James Neal delivered a vicious check that sent Ducks defenseman Brandon Montour into the boards. Then moments later, he received a pass from P.K. Subban and ripped a shot past one defender and off of another for the game-winning overtime goal.
The sequence that ended game one of the Western Conference Final Friday delivered a message that neither Neal or the Predators are going to back down from the physical Ducks.
"They've got a lot of big bodies and play a heavy game," Neal said. "They're physical and make you pay for everything that you do."
The Preds outlasted Anaheim in a grueling seven game series a year ago, and it was clear early on in game one that there was no love lost between these two teams.
Nashville defenseman Ryan Ellis delivered a massive hit at the blue line.
Anaheim captain Ryan Getzlaf knocked Preds' spark plug Viktor Arvidsson into the boards, who was then shoved back to the ground before he could get up.
Ducks' forward Chris Wagner was sent to the box for roughing. And Nashville enforcer Cody McLeod got tangled up with just about anybody who was willing in a black sweater.
And that was just in the first period.
Just imagine the bad intentions if this series goes the distance like the one a year ago did.
"Nothing new to us, it's what we expected," Neal said. "It was the same way last year when we played them in the playoffs, so we knew it was going to be a battle and we're just trying to win a game and move on."
One thing that was clear in game one is that Nashville is the significantly faster skating team. The Ducks can't afford to let the Preds skate freely and operate with space in this series, and they know that.
So expect the hits in the neutral zone, hard checks into the boards and, yes, even the penalties to continue.
Anaheim was sent to the penalty box five times in game one. Nashville was whistled for four penalties.
The Predators can't afford to allow their physical play to cross the line, and they can't retaliate when the pushing and shoving after the whistle begins.
"Discipline is probably the most biggest factor now in the playoffs," Predators defenseman P.K. Subban said. "Regardless of how chippy things get or how physical, you want to try to stay out of the box."
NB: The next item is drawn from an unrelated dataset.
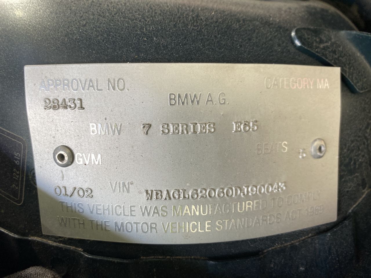 Part of Sale 2001 BMW 745i E65 Automatic Sedan

The Predators are going to feel it if they're going to reach their first ever Stanley Cup Final. The Ducks will make them pay for every inch of ice in this series.
But Neal and the Preds delivered a message in game one. They can withstand all the body blows and still have enough to punch back within the rules.
"There's a lot of emotion on the ice out there," Predators head coach Peter Laviolette said. "Typically, the team that can keep it together the most is the one that will be successful."
In game one it was the Preds that kept their cool and sent the Ducks home frustrated.